**How to complete this task**
Reproduce the data below word for word, setting aside any picture it holds.

**Data provided**
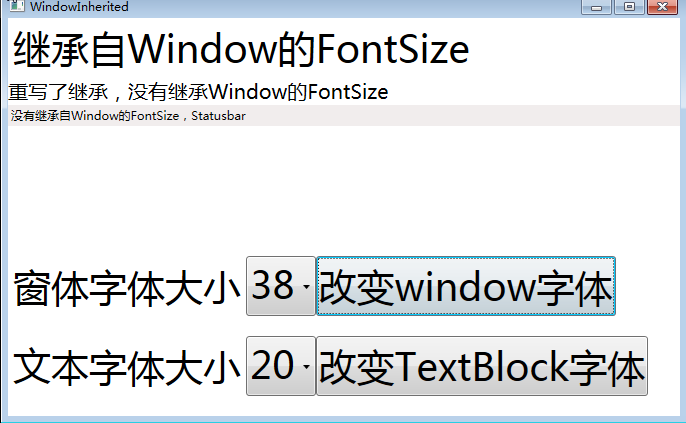 Window.FontSize 设置会影响所有的内部元素字体大小,这就是所谓的属性值继承,如上面代码中的第一个Label没有定义FontSize ,所以它继承了Window.FontSize的值。但一旦子元素提供了显式设置,这种继承就会被打断,如第二个TextBlock定义了自己的 FontSize,所以这个时候继承的值就不会再起作用了。
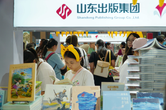 正值暑假,書博會上少兒類圖書最受青睞。二十一世紀出版社集團攜近千種圖書參展,設置“大中華尋寶記”和“世紀繪本館”主題展館,吸引眾多目光。暢銷書“大中華尋寶記”系列新書和文創(chuàng)產品一經亮相便售罄,備受小讀者喜愛。
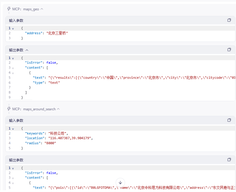 AI 会根据需要调用不同的工具,比如将地点转为坐标、查找某坐标附近的地点:

**Output for this task**
 Window.FontSize 设置会影响所有的内部元素字体大小,这就是所谓的属性值继承,如上面代码中的第一个Label没有定义FontSize ,所以它继承了Window.FontSize的值。但一旦子元素提供了显式设置,这种继承就会被打断,如第二个TextBlock定义了自己的 FontSize,所以这个时候继承的值就不会再起作用了。
 正值暑假,書博會上少兒類圖書最受青睞。二十一世紀出版社集團攜近千種圖書參展,設置“大中華尋寶記”和“世紀繪本館”主題展館,吸引眾多目光。暢銷書“大中華尋寶記”系列新書和文創(chuàng)產品一經亮相便售罄,備受小讀者喜愛。
 AI 会根据需要调用不同的工具,比如将地点转为坐标、查找某坐标附近的地点:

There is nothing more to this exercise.